Let’s Visit Economics

The intense distraction swirling around Donald masks economic reality. Mariner has gathered some insights from expert observers of the economy who pretty much are not swayed by the soap opera involving Donald and Congress, Donald and Russia, Donald’s cabinet secretaries, Donald’s White House staff, Donald’s racism, and Donald’s petty tweets.

To provide some parameters, what is important over the next ten years is growth in the Gross Domestic Product (GDP) – the dollar value of all US production. Also important is the 19 trillion dollar national debt – especially as it relates to growth in GDP. The third parameter is government income, that is, the tax structure and whether it is fair and sufficient.
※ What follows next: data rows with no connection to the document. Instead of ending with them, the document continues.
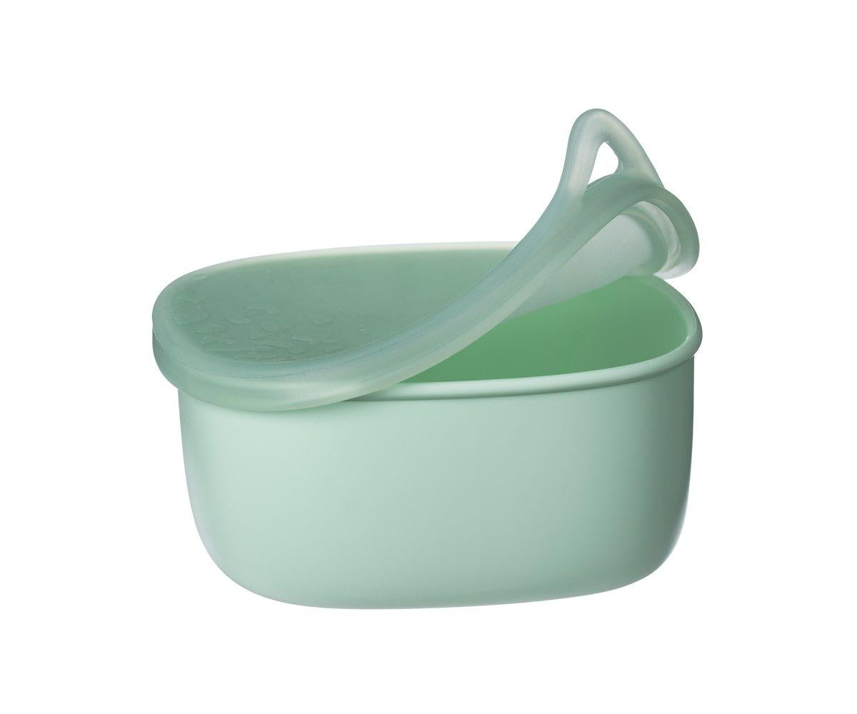 La pestaña de silicona flexible en la esquina permite un agarre fácil para sacarla de la caja de almuerzo B.Box y poder abrir la tapa.
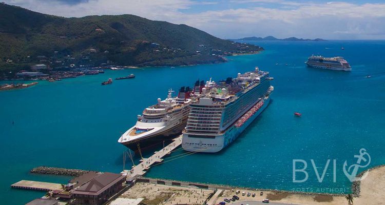 The length of the cruise pier 1,312ft and the width 60ft. The pier was reengineered and strengthened to facilitate vessels up to 180,000 GRT. The Tortola cruise pier can now facilitate all class of ships with the exception of the Oasis whose maximum tonnage exceeds 200,000 GRT, and facilitate two large ships at anchor in harbour. This allows the port to facilitate up to four cruise ships at a time. Ships tenders are accommodated at the tender pier adjacent to the cruise pier.
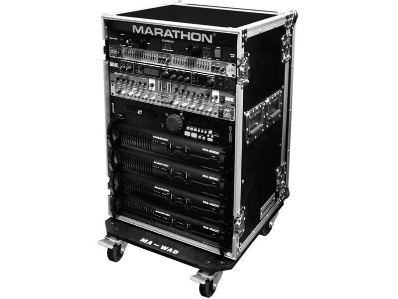 16U Amplifier Deluxe Case - 18" Body Depth with Wheels. Made from high quality materials with outstanding reliability and all-around protection for your equipment. Fits professional amplifier equipments up to 16U, it has two detachable solid covers for covenient entry and gear placement with identical rack rails at an 18" depth, with strong caster board.
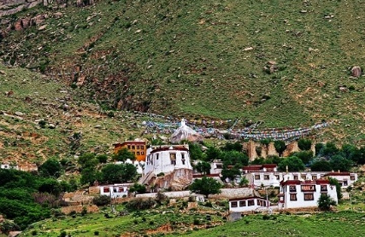 同卡寺全稱為學呢八宿嘎登桑珠林寺,俗稱同卡寺。它位于八宿營縣同卡鄉政府所在地,離縣城250公里,通公路。該寺是由洛巴•江村生格于公元1473年創建的,為功德林拉讓(西藏政府攝政之一)所屬的一座寺廟。
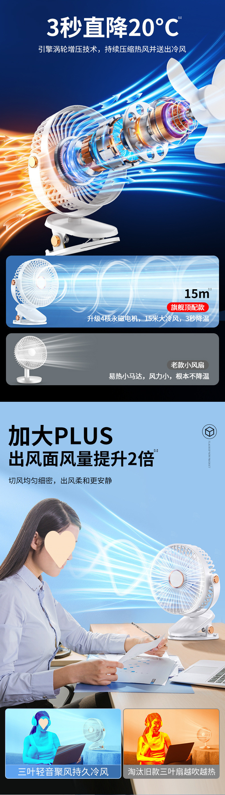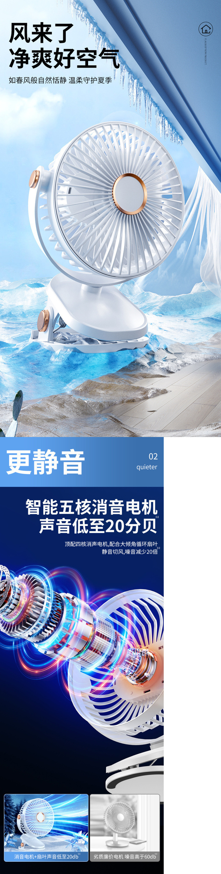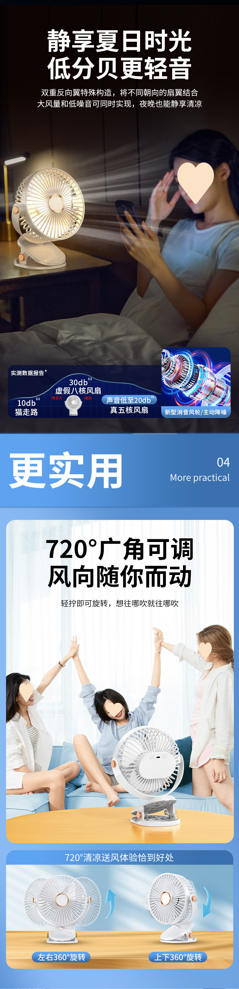 Doying 클립형 선풍기 충전식 학생 기숙사 침대 사무실 데스크탑 무음 강풍 선풍기스토어 가기
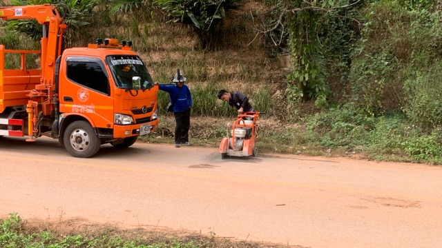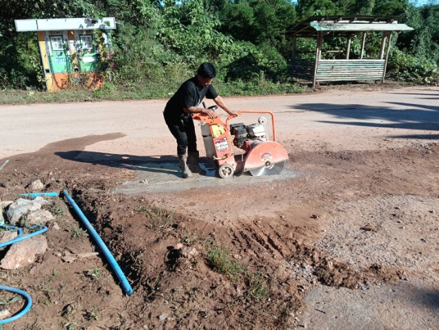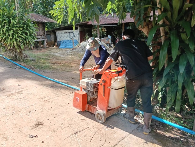 ให้บริการเครื่องตัดถนนคอนกรีต หมู่ 5 บ้านห้วยเนียม เพื่อวางระบบท่อน้ำประปาหอถังสูงโซนบ้านใหญ่และบ้านน้อย
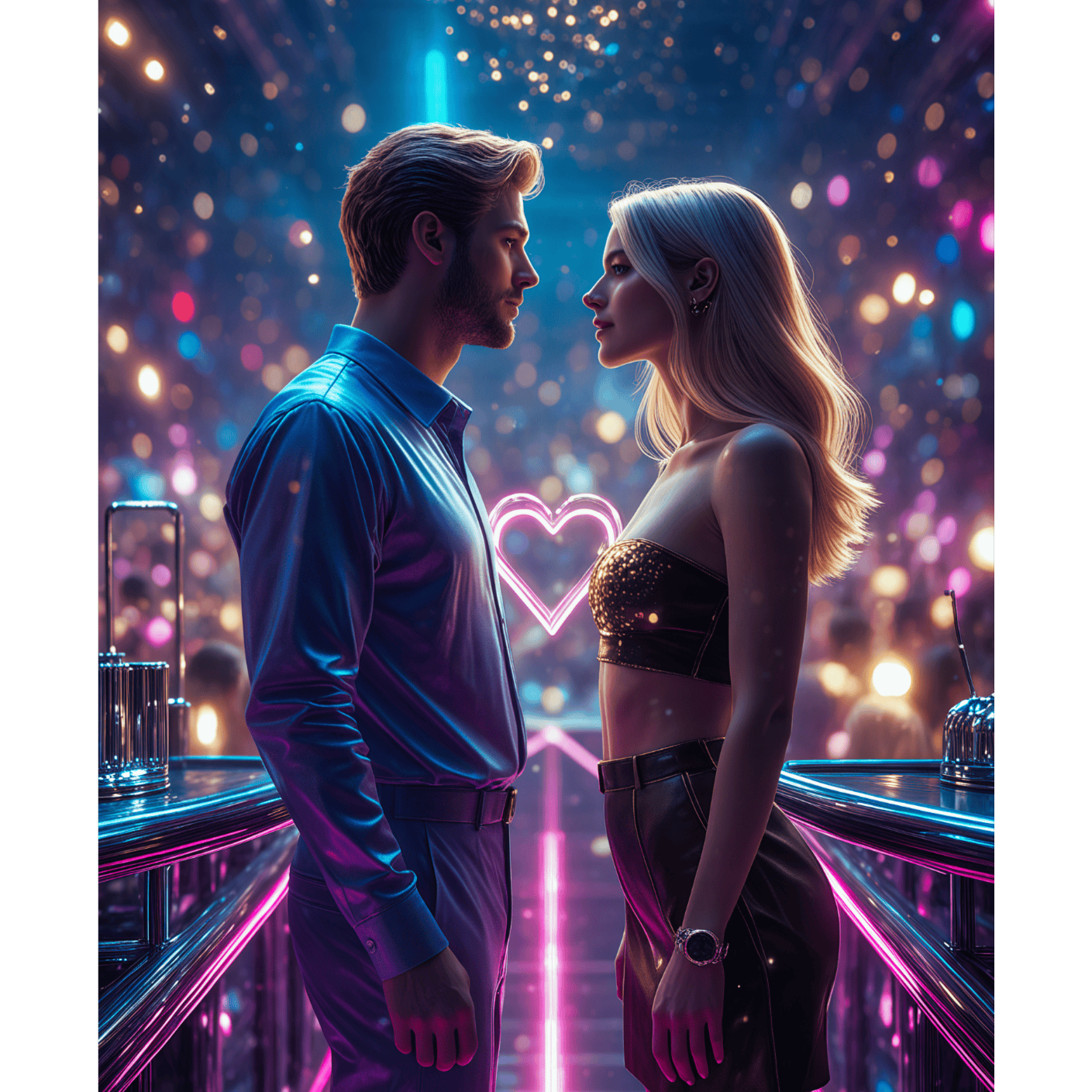 French electro-pop with a dreamy and sensual atmosphere, inspired by 1980s synth ballads and modern synthwave, Features warm analog synth pads, light arpeggios, funky basslines, gated snares, and vocoder accents, tempo 100 BPM to evoke emotion and intimacy, Retro-futuristic soundscape with playful yet melancholic harmonies, catchy with a danceable beat
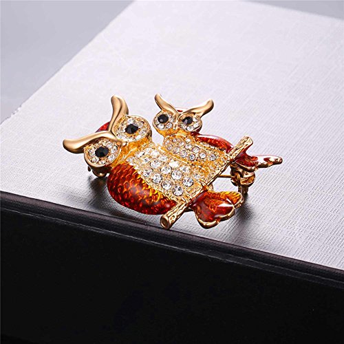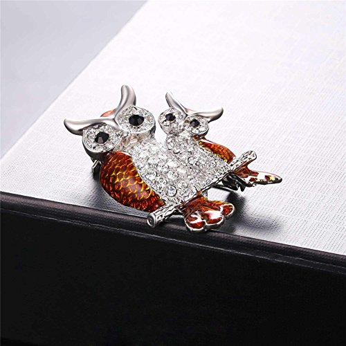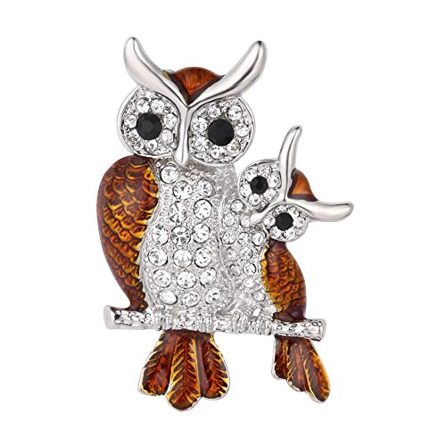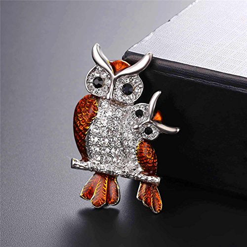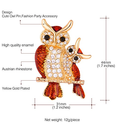 -. Feature : Multifuntional: corsage, scarp pin, hat accessories. / Base metal: copper. Material: rhinestones, high quality enamel / Double owls design: mother owl & baby owl. / Dimension: 4.4*3.1 cm(L*W). WEIGHT: 12 grams. / Warranty 90-Day money back guarantee or exchange.

Finally, as an indicator, the trade balance between nations is changing. We are accustomed to measuring plus and minus trade balances between each nation. For example, Donald cites trade balances between the US and Mexico or Canada or China. The future will be driven by global economics instead of national economics. This means that trade balances will be relative to global markets and how the trade balance is distributed among nations participating in a given global market. In principle, the Trans-Pacific Partnership (TPP) between nine nations is an example of how trade agreements will be developed in a world of global markets; one of the key negotiations is how to distribute each nation’s role among other participating nations to assure a viable trade balance for each nation.

So we know the ways to measure US economic health going forward: Establish policies that encourage growth in US production, establish policies that constrain further indebtedness as a ratio to the growth of GDP, restructure taxes to underwrite the costs of future growth, and restructure US trade agreements to accommodate global participation.

What are the issues that interfere with the goals implied above?

The single largest block to improving GDP is the US demographic profile. Like Europe and Canada, the US population is aging rapidly. 60 percent of the workforce will be retired by 2030. Retirees do not contribute to GDP; rather, they become a drain on resources needed to grow GDP. The solution is an aggressive immigration policy. As long as our government pursues a nationalist policy of racial isolationism, we are cutting off our nose to spite our face.

Next in importance is something called monetary policy. Basically, this means we allow the Federal Reserve to control interest rates and the cost to banks for borrowing money. This practice protects the US economy from recessions but it also limits the amount of money available to encourage growth in GDP. If the US is to underwrite an improvement in infrastructure, Congress must set legislation in place to allow private industry to borrow against future growth. The political issue is on whom tax increases will be imposed to create the funds.

Associated with the tax issue is to find a way to increase profit margins in small businesses. The problem now is that large corporate entities want in on this deal. Hence the desire of the GOP to impose massive tax cuts to the most profitable sector of the US. Also associated is a need to close tax loopholes and offshore avoidance of taxes.

Easily addressed in this post, the politics of achieving economic goals is massive. The importance of the 2018 election cannot be overstated. Our antiquated Congress is not prepared for economic success.